Background information
- Born: March 3, 2005 (age 21) New York City, U.S.
- Genres: Black gospel; R&B; blues;
- Occupations: Musician; singer; actor;
- Instruments: Guitar; vocals;
- Years active: 2017–present
- Label: Columbia

= Miles Caton =

American musician (born 2005)

Miles Caton (born March 3, 2005) is an American musician and actor. He gained recognition for his role as Sammie in Ryan Coogler's horror film Sinners (2025), for which he received various accolades, including the Critics' Choice Movie Award for Best Young Performer and nominations for two Actor Awards and the BAFTA Rising Star Award.

==Early life==
Miles Caton was born on March 3, 2005, in Brooklyn, New York City. He has stated that he came from an "extremely musical family" where every member "can sing or play some type of instrument." Both his mother, pastor Timiney Figueroa, and aunt, Anaysha Figueroa-Cooper, are successful and lifelong gospel singers. Caton began singing at the age of two, and performed a Sam Cooke song at the Lakeview, New York branch of the NAACP's 24th Annual Freedom Fund Awards Gala in October 2010.

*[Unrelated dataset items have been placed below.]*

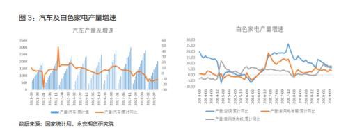 从固定资产投资来看,房地产投资增速处于高位,支撑了今年的钢铁需求。2019 年 1-10月份,房地产开发投资完成额同比增加 10.3%,较年初有所回落,但较去年同期增加了 0.6 个百分点。而基建投资虽然持续改善,但增速较为有限,同比增速仍处于低位。2019 年 1-10 月份,基建投资完成额同比增加 3.26%。受贸易战影响,制造业投资较为低迷,2019 年 1-10 月份制造业投资完成额同比仅增加 2.6%,增速处于2004 年以来的绝对低位。从相关产品的产量数据来看,2019 年 1-10 月份,汽车产量同比下降 11.1%,白色家电产量同比增速虽然为正,但较上边年增速也出现大幅回落。
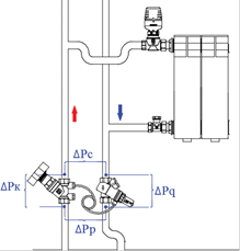 Основное назначение регуляторов – совместная работа с балансировочными клапанами VT.054 в двухтрубных системах отопления. При этом балансировочным клапаном VT.054 устанавливается расчетное значение увязочного перепада давления в обслуживаемом контуре (ΔРу), а регулятором перепада давлений поддерживается расчетный перепад давления по этому участку (ΔPн). В случае, когда применение балансировочного клапана не требуется, импульсную трубку рекомендуется подключать к шаровому крану с дренажом и воздухоотводчиком VT.245, имеющему патрубки с внутренней резьбой 1/4” (см. примеры применения).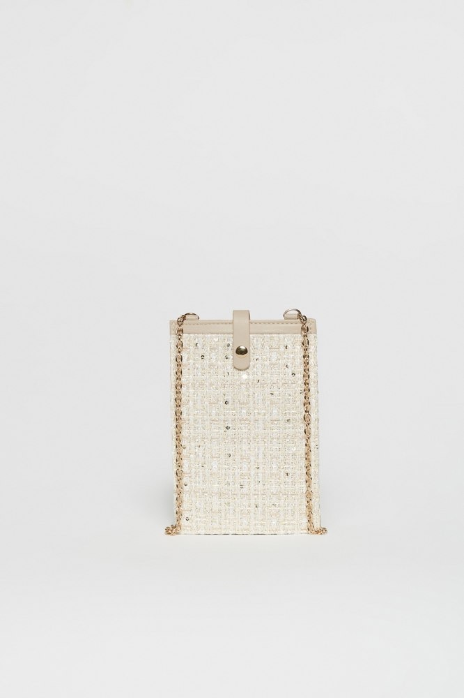 Si estás cansada de los bolsos grandes y quieres salir de casa con lo justo, te va a encantar este portamóvil. Diseño en tweed con cadena dorada que tiene un aspecto elegante y actual, perfecto para cualquier ocasión.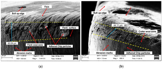 Figure 8 depicts a surface micrograph of a worn-out insert of a tool at a cutting speed of 247 m/min, feed rate of 0.1 mm/rev, and depth of cut of 0.4 mm for flank wear. It can be noted from (i) Figure 8a that the flank face, rack surface, and nose of the insert are severely worn at high speed and doc. The maximum flank wear was 60.09 µm. The presence of deep plowing grooves and edges on the flank and crater surface indicates the abrasion mode of wear of the insert [21]. Chip particles also adhered to the flank and crater surface which causes nose wear due to the welding of chips; and (ii) Figure 8b that maximum crater wear of 44.11 µm was found by SEM. Increasing the depth of cut causes more material to be removed from the work surface as it passes over the rack face of the tool, and it causes the removal of material from the rack surface because of its high temperature. This results in crater wear and causes flank wear. It is evident from Figure 9 that at low cutting speeds develop built-up-edge formation to a great extent which may be due to sufficient available time for microchips to adhere to the tool face through the welding effect (developed by friction and heat at the tool-chip interface) [48]. Additionally, Ahmed et al. [49] reported that a low thermal conductivity and high work hardening tendency of work materials during machining are also considerations for BUE formation.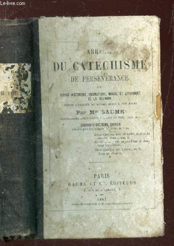GAUME ET CIE. 1887. In-16. Cartonné. Etat d'usage, Plats abîmés, Dos satisfaisant, Intérieur acceptable. 504 pages + 8 pages.. . . . Classification Dewey : 268-Catéchisme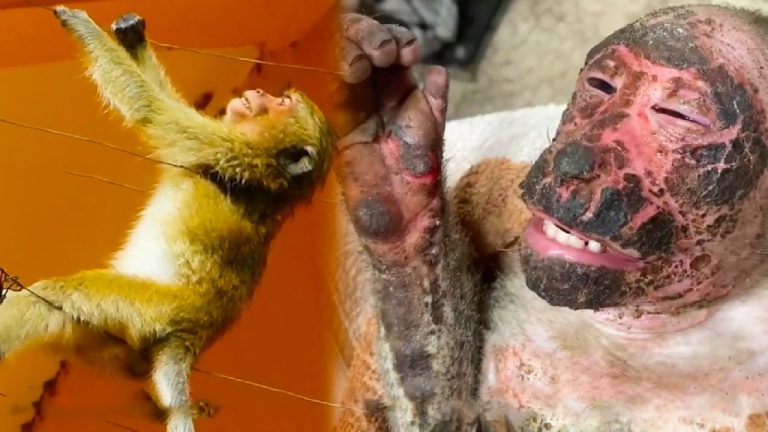 Rescuers rushed to the scene, gently lifting the injured monkey. His tail and hands were scorched, his breathing shallow. He was taken to a veterinary clinic, where specialists worked quickly to treat the burns and stabilize his fragile condition. For hours, his survival was uncertain.

Caton graduated high school in 2023, after returning from touring with the artist H.E.R.

== Career ==

=== Music ===
Caton gained fame in 2017 after a video of him singing Nina Simone's 1964 hit "Feeling Good" went viral and was sampled in the opening montage video for rapper Jay-Z's song "4:44". In March 2018, Caton appeared on the season three premiere of the NBC variety show Little Big Shots, performing Kurt Carr's "For Every Mountain." Caton was popular enough to return for the Little Big Shots holiday special in December, where he performed "O Holy Night". On Martin Luther King Jr. Day in 2019, Caton performed live on The View alongside gospel singer Yolanda Adams, singing her song "Never Give Up".

In 2022, Caton toured with H.E.R. In 2023, Caton released his debut single "This Ain't It", which Zach Simmons of Enspire described as "[giving] the world just a taste of what they had been waiting on" featuring "a clean vocal performance reminiscent of legends Stevie Wonder and Donny Hathaway".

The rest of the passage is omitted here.